Development teams in most incumbent organizations, however, don’t enjoy those benefits. They are used to workarounds such as creating direct point-to-point connections because, for decades, that’s been the only way to get things done. The reality is that most organizations still need architects. In fact, our research with Henley Business School is clear: digital transformations suffer when architects are not involved (See Exhibit 1). Technical debt increases, and fewer services are reused.

Expanding the objectives of enterprise architecture

The objectives of, and demands on, enterprise architecture (EA) are changing rapidly as the importance of technology in driving business value increases. The EA function is a core element of the foundation that both enables and accelerates the tech transformation that companies need in order to compete in a digital-first world. In this kind of modern environment, the objectives of the EA team are threefold.

1. Enable strategic decisions

Setting strategic direction has always been an important EA task, but with many companies becoming increasingly digital, it has become a business-level priority. In the past, major failures affected only the IT budget. Now, they affect the entire business. In a typical retail environment, for example, a major flaw in the overall architecture, such as an integration architecture that doesn’t scale well, would lead to a slight increase in IT costs but only a minor impact on the margin. With a substantial portion of sales moving to online channels, however, the same mistake could cause an outage with substantial lost sales.

Similarly, EA decisions, such as where to establish a shared solution across countries or business units and where not to, can have a direct impact on the business’s strategy and operating model. Take the retail world again. When an enterprise architect decides whether checkout and payment functionality is implemented in two systems—the point-of-sale (POS) terminal and the e-commerce system, for example—or one, it is not only a big investment decision with a $100 million price tag, but it also has a massive effect on the operating model and the company’s ability to realize the corporate vision of becoming an omnichannel retailer.

For these reasons, digitally advanced companies create a plan for the future and engage enterprise architects to figure out a system that can enable it (See Exhibit 2).

2. Ensure reusability

In the past, ensuring reusability was mainly a cost consideration, which meant development was generally treated as a one-off. Pilot functions that were developed and tested quickly often became permanent, but they scaled poorly and led to greater technical debt.

In another case, a retail company implemented an algorithm that calculated the final price after all promotional offers into its e-commerce system. The need to support mobile checkouts, however, then led the retailer to decide to build out this feature a second time. With complex and rapidly changing promotion mechanics, this duplication inevitably led to diverging results and therefore to a bad customer experience when the promotion shown online was not identical to the one in the store. EA plays a crucial role in avoiding such outcomes by ensuring that new solutions reuse established functionality. This not only avoids wasting time on reinventing the wheel but also helps ensure a consistent customer experience. Architects should facilitate the discussion between product teams around features and solutions, make it easy to find all features available for reuse, and ensure close alignment with the strategy.

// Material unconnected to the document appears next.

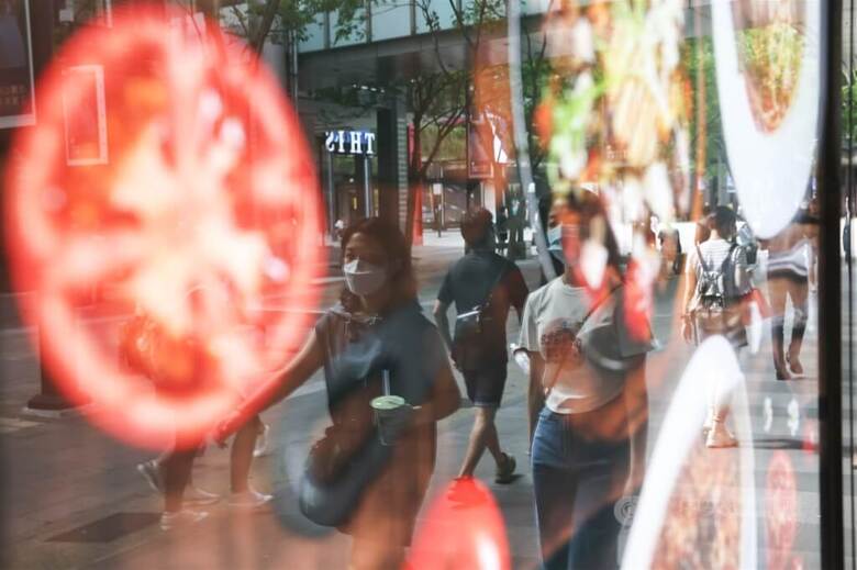 國發會27日公布2025年12月景氣燈號,時隔近1年,再次亮出代表景氣熱絡的紅燈。圖為台北市信義區民眾逛街。(中央社檔案照片)

3. Enable development speed

The flexibility and responsiveness of a digital business are severely hampered if those traits aren’t also reflected in the tech foundation layer. This means that enterprise architects need to manage a consistent technology stack that comes as a “batteries included,” ready-to-use platform for new development teams. EA can deliver on this by providing two things: all the technology components that teams need to develop, deploy, and test new functionalities, and a curated set of “patterns”—best practices on how to store data, integrate with other teams, and perform other common tasks in the everyday life of a product team.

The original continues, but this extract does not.